- [WHAT TO WORK ON] For this exercise, retype the lines from the one that holds "Магнитные бури в" through the one that holds "Elevate your style" in the records below, both included, exactly and without pictures.
(SOURCE MATERIAL)
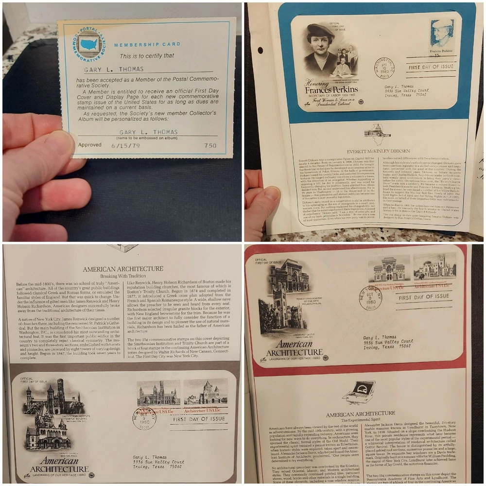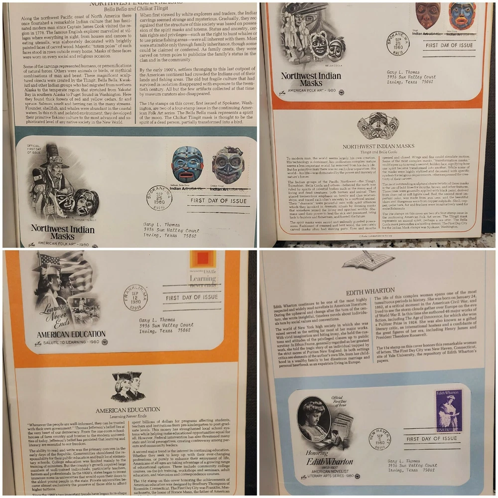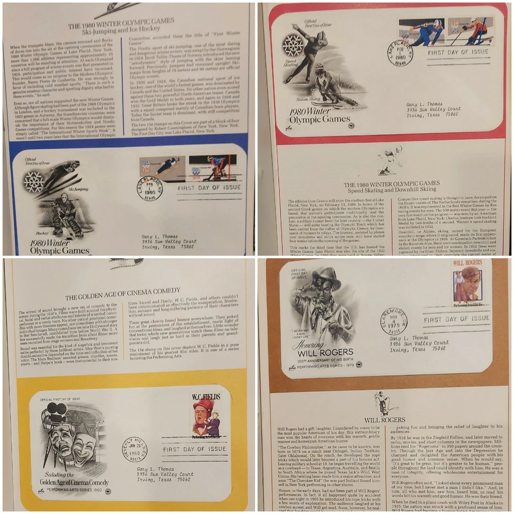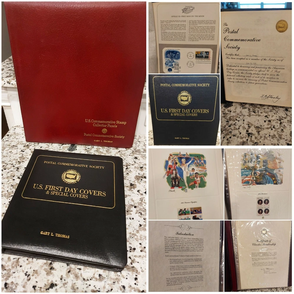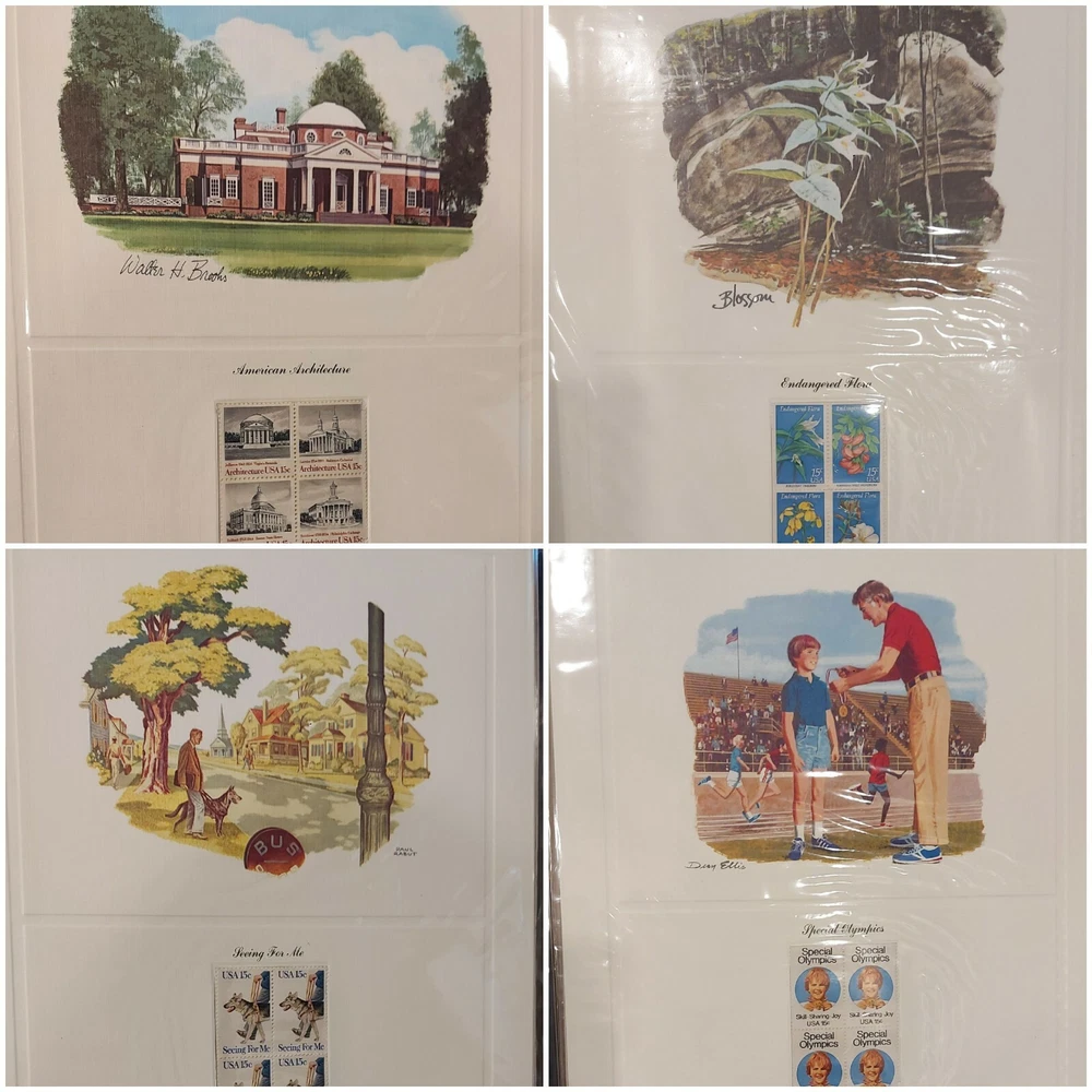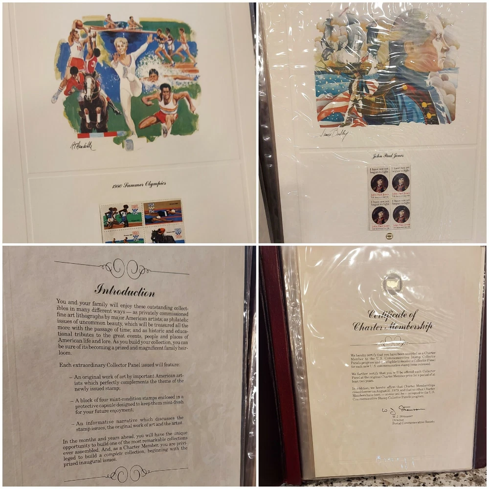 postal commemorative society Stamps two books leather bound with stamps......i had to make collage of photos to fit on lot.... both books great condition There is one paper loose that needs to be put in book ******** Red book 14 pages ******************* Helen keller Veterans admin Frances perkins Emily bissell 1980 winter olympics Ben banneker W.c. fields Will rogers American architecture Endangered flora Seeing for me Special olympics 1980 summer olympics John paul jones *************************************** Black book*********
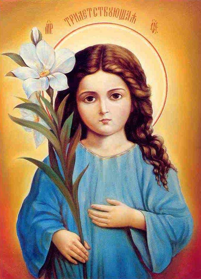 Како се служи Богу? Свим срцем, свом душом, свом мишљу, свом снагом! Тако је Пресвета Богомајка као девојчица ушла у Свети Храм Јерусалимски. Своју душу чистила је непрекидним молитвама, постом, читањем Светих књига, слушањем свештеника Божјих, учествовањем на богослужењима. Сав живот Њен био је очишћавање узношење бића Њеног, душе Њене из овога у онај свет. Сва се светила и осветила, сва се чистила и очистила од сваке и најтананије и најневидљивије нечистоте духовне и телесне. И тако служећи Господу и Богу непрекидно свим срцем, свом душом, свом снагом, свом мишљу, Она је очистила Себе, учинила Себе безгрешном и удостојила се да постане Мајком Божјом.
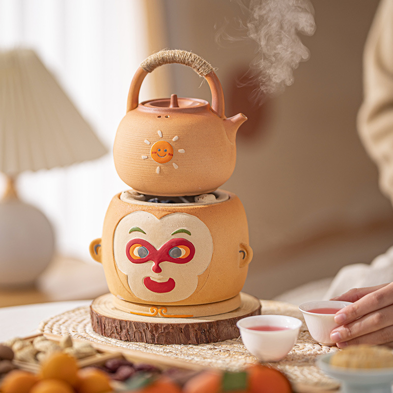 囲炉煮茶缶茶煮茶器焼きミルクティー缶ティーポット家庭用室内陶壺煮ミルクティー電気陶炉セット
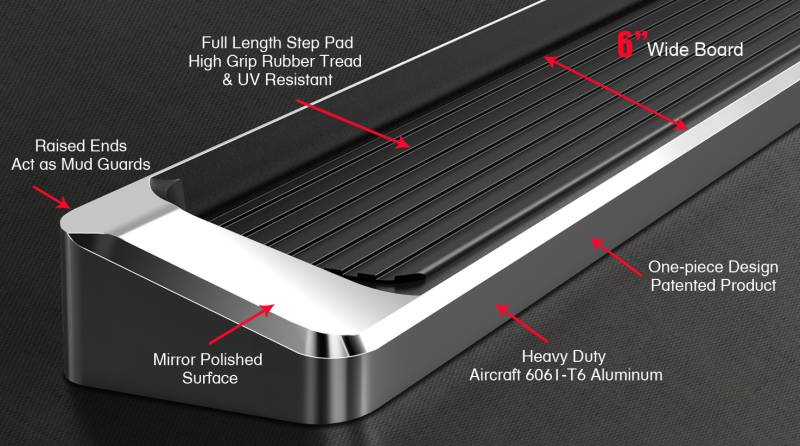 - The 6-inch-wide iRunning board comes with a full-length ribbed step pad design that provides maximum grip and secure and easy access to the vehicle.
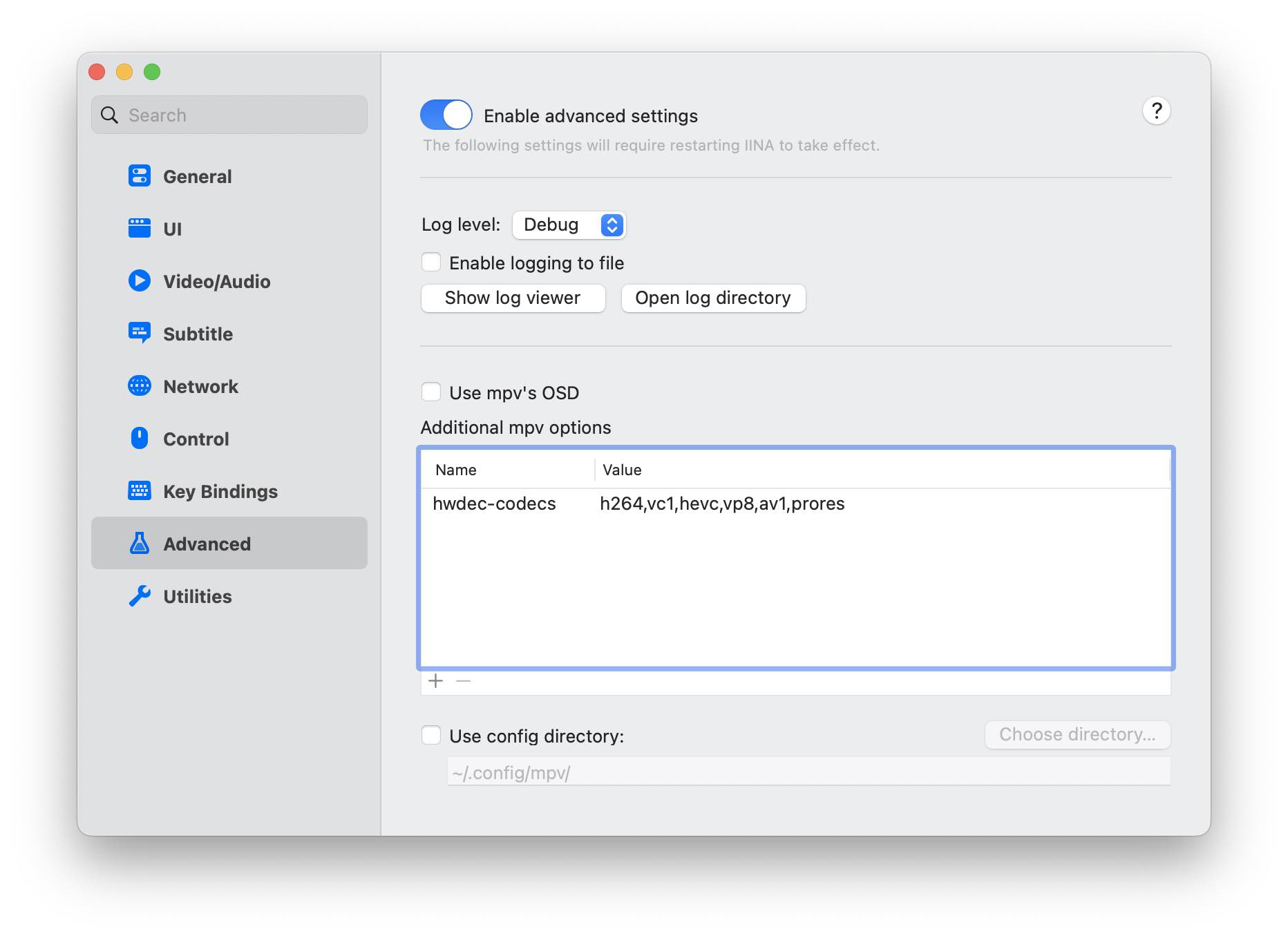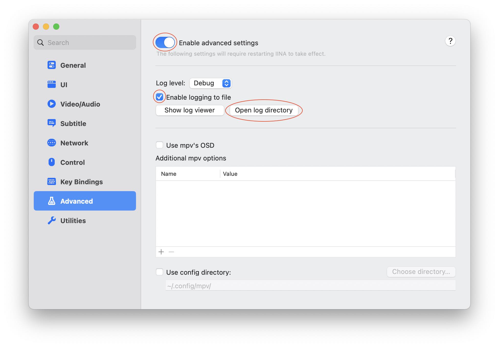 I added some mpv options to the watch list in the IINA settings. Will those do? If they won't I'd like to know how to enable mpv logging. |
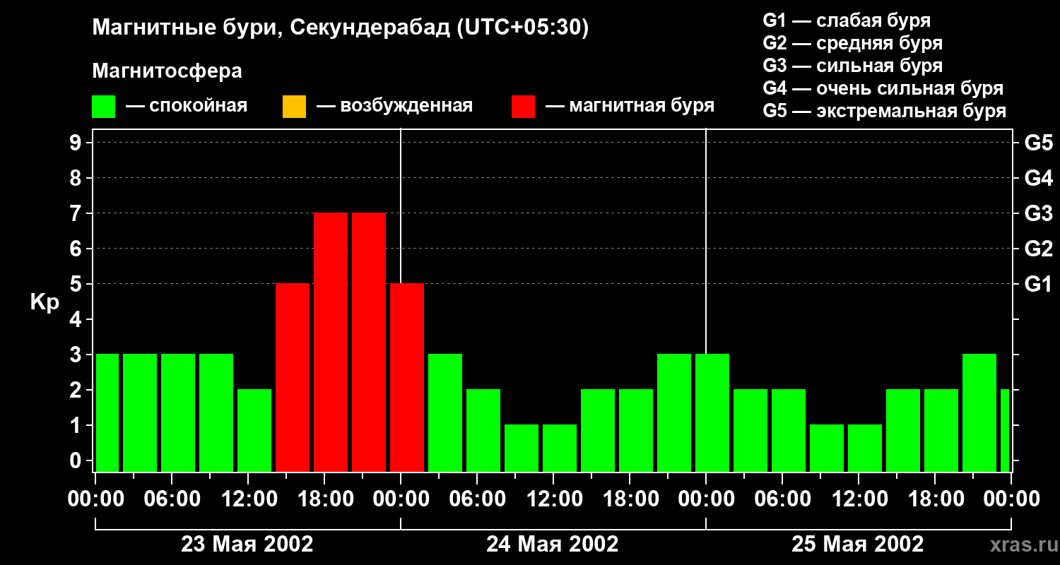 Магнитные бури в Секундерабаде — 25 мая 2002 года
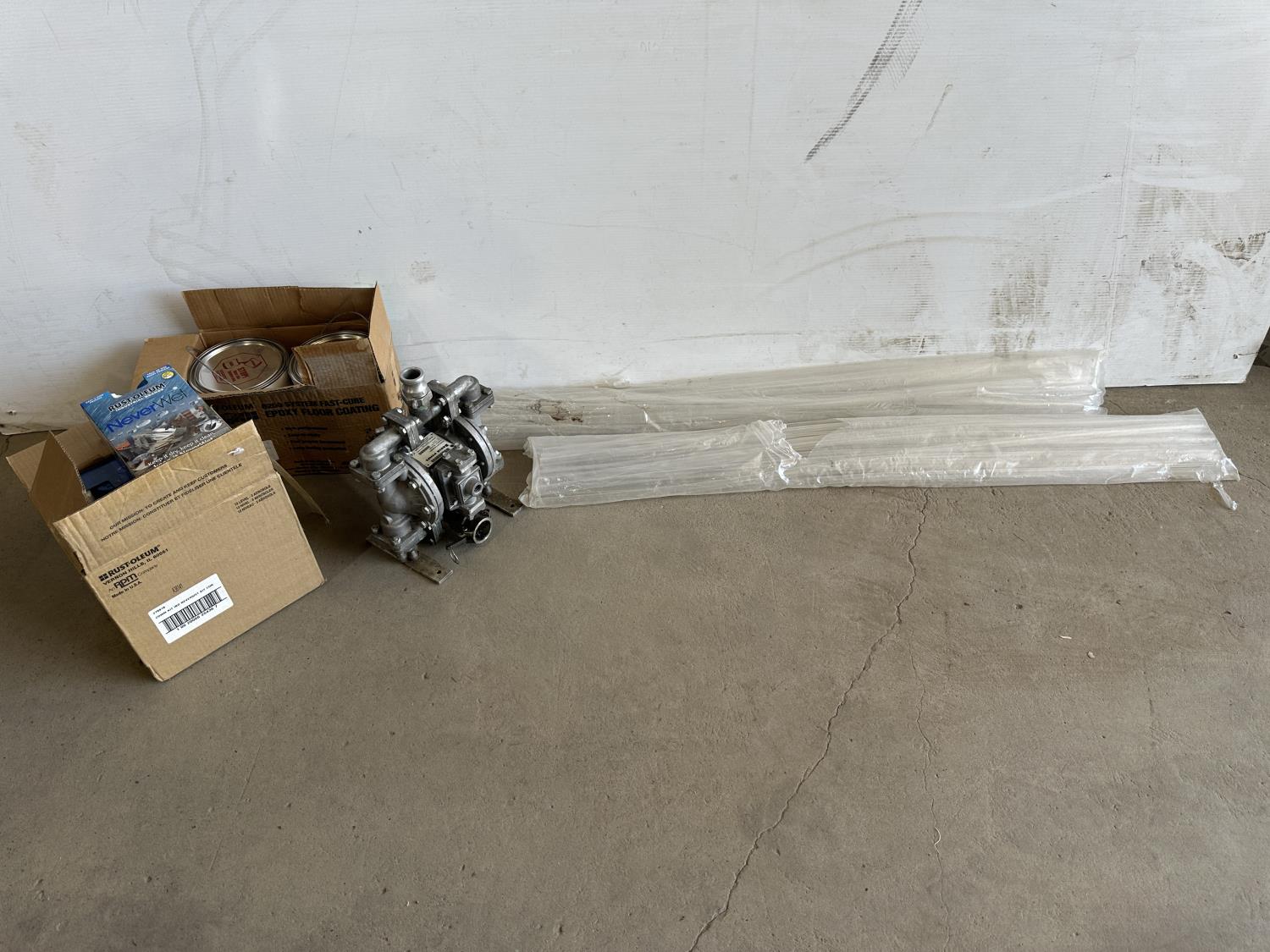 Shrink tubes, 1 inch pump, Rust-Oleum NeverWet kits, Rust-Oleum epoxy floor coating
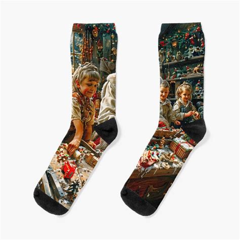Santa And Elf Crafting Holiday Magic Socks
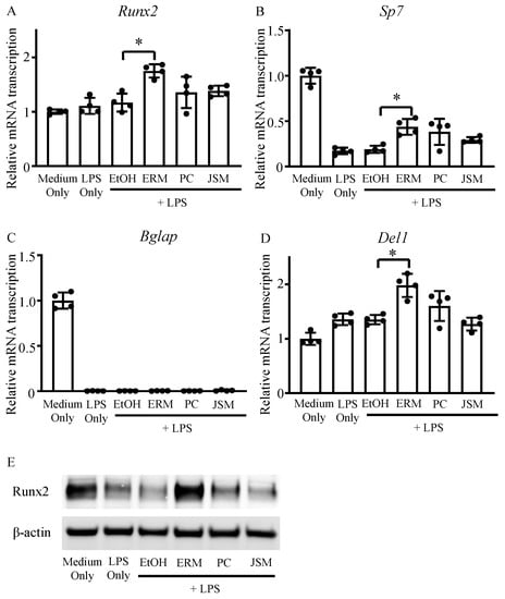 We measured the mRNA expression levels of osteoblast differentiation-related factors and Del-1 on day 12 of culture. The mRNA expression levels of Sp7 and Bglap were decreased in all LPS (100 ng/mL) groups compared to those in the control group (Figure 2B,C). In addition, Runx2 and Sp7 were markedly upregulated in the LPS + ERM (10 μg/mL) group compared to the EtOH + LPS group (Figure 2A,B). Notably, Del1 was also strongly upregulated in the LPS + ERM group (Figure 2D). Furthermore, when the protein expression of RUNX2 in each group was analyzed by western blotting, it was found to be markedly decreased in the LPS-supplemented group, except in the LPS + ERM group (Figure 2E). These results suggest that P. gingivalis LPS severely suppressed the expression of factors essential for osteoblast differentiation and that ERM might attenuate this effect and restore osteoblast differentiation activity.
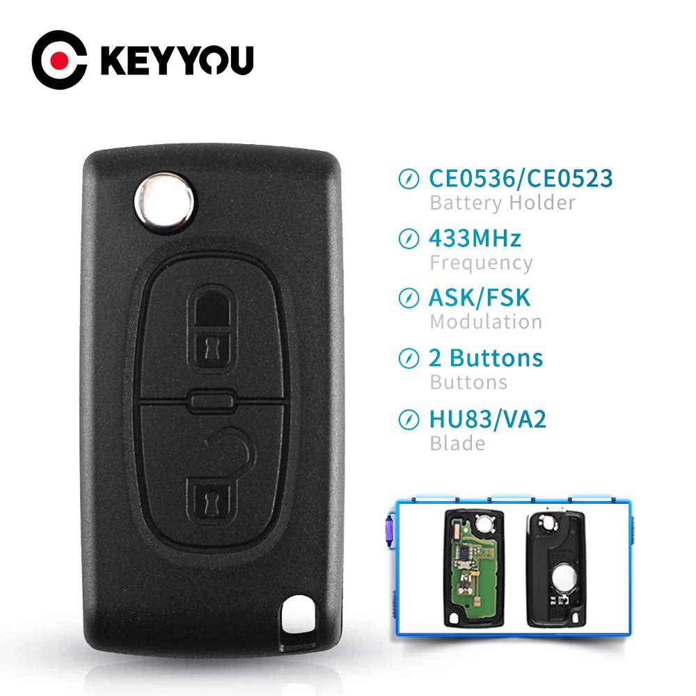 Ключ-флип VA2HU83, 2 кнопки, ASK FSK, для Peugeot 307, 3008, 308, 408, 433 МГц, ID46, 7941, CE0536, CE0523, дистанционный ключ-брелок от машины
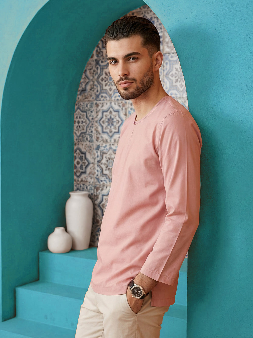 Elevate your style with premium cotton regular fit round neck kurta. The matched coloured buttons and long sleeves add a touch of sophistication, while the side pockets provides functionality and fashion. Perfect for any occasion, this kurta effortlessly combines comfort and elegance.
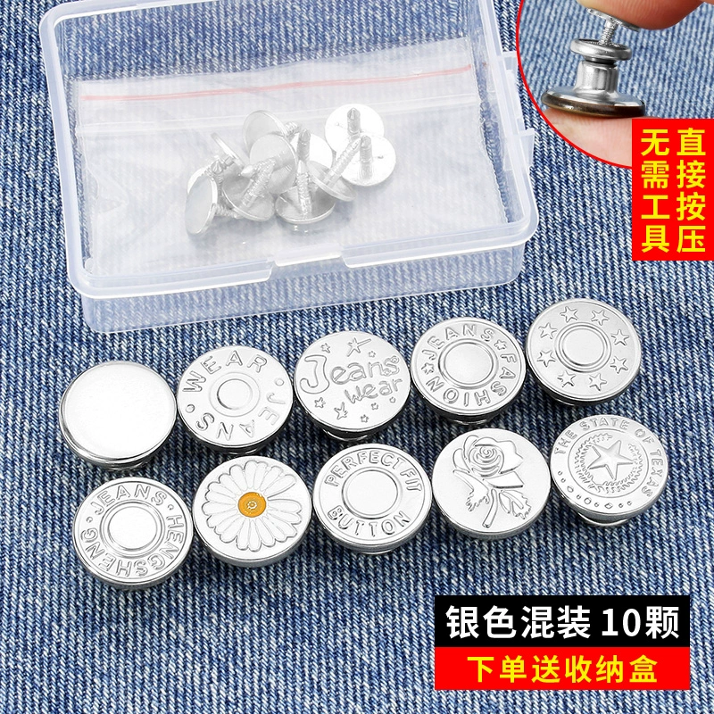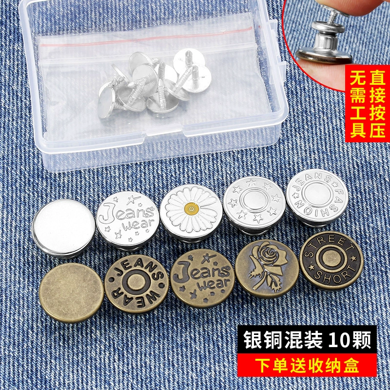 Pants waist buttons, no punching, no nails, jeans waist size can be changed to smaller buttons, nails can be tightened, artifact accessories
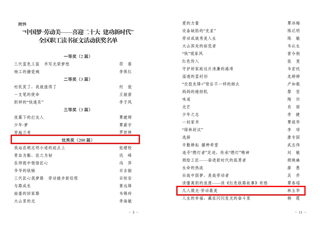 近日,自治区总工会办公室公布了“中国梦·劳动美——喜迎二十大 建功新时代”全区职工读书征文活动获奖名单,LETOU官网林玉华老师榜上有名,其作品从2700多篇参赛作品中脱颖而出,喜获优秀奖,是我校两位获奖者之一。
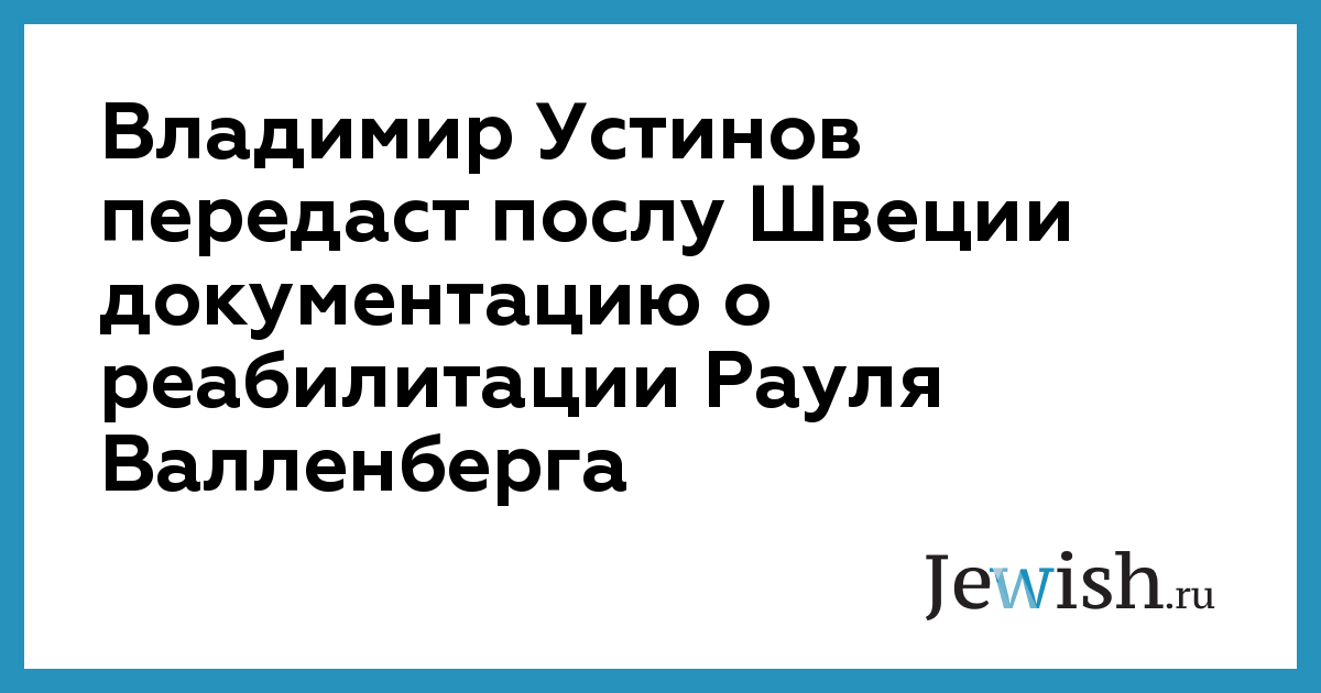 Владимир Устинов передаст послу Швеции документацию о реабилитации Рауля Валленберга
(End SOURCE MATERIAL)
- [SOLUTION FOR THIS TASK]
 Магнитные бури в Секундерабаде — 25 мая 2002 года
 Shrink tubes, 1 inch pump, Rust-Oleum NeverWet kits, Rust-Oleum epoxy floor coating
Santa And Elf Crafting Holiday Magic Socks
 We measured the mRNA expression levels of osteoblast differentiation-related factors and Del-1 on day 12 of culture. The mRNA expression levels of Sp7 and Bglap were decreased in all LPS (100 ng/mL) groups compared to those in the control group (Figure 2B,C). In addition, Runx2 and Sp7 were markedly upregulated in the LPS + ERM (10 μg/mL) group compared to the EtOH + LPS group (Figure 2A,B). Notably, Del1 was also strongly upregulated in the LPS + ERM group (Figure 2D). Furthermore, when the protein expression of RUNX2 in each group was analyzed by western blotting, it was found to be markedly decreased in the LPS-supplemented group, except in the LPS + ERM group (Figure 2E). These results suggest that P. gingivalis LPS severely suppressed the expression of factors essential for osteoblast differentiation and that ERM might attenuate this effect and restore osteoblast differentiation activity.
 Ключ-флип VA2HU83, 2 кнопки, ASK FSK, для Peugeot 307, 3008, 308, 408, 433 МГц, ID46, 7941, CE0536, CE0523, дистанционный ключ-брелок от машины
 Elevate your style with premium cotton regular fit round neck kurta. The matched coloured buttons and long sleeves add a touch of sophistication, while the side pockets provides functionality and fashion. Perfect for any occasion, this kurta effortlessly combines comfort and elegance.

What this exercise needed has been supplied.